EXERCISE:
A faithful copy of all the data is required; pictures should not be included.

INFORMATION SHOWN:
>>>>>
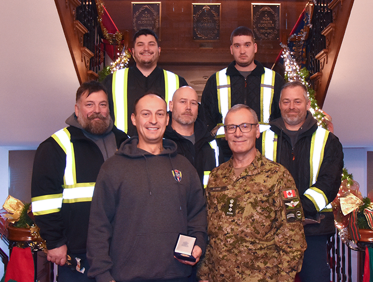 Le 2 décembre 2025, au Mess des officiers de la Citadelle de Québec, le Caporal Alexandre Walsh a reçu la distinction du Colonel du Régiment ainsi qu’un coin, en reconnaissance de son leadership exceptionnel, de son professionnalisme et de son engagement au sein de la Compagnie de la Garnison du Royal 22e Régiment.
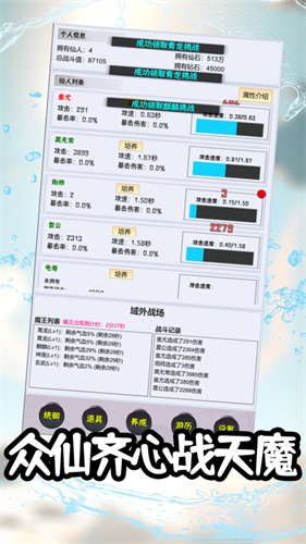 4、全面文字,所有的仙人列表、属性、攻击速度以及战斗记录等都是用文字的方式给大家呈现。
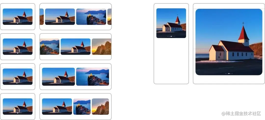 上下图文:在保持图片高度不变的情况下延伸布局进而显示更多图片,或是将图片和文本通过挪移布局调整为左右布局显示。
<<<<<
RESPONSE BELOW:
 Le 2 décembre 2025, au Mess des officiers de la Citadelle de Québec, le Caporal Alexandre Walsh a reçu la distinction du Colonel du Régiment ainsi qu’un coin, en reconnaissance de son leadership exceptionnel, de son professionnalisme et de son engagement au sein de la Compagnie de la Garnison du Royal 22e Régiment.
 4、全面文字,所有的仙人列表、属性、攻击速度以及战斗记录等都是用文字的方式给大家呈现。
 上下图文:在保持图片高度不变的情况下延伸布局进而显示更多图片,或是将图片和文本通过挪移布局调整为左右布局显示。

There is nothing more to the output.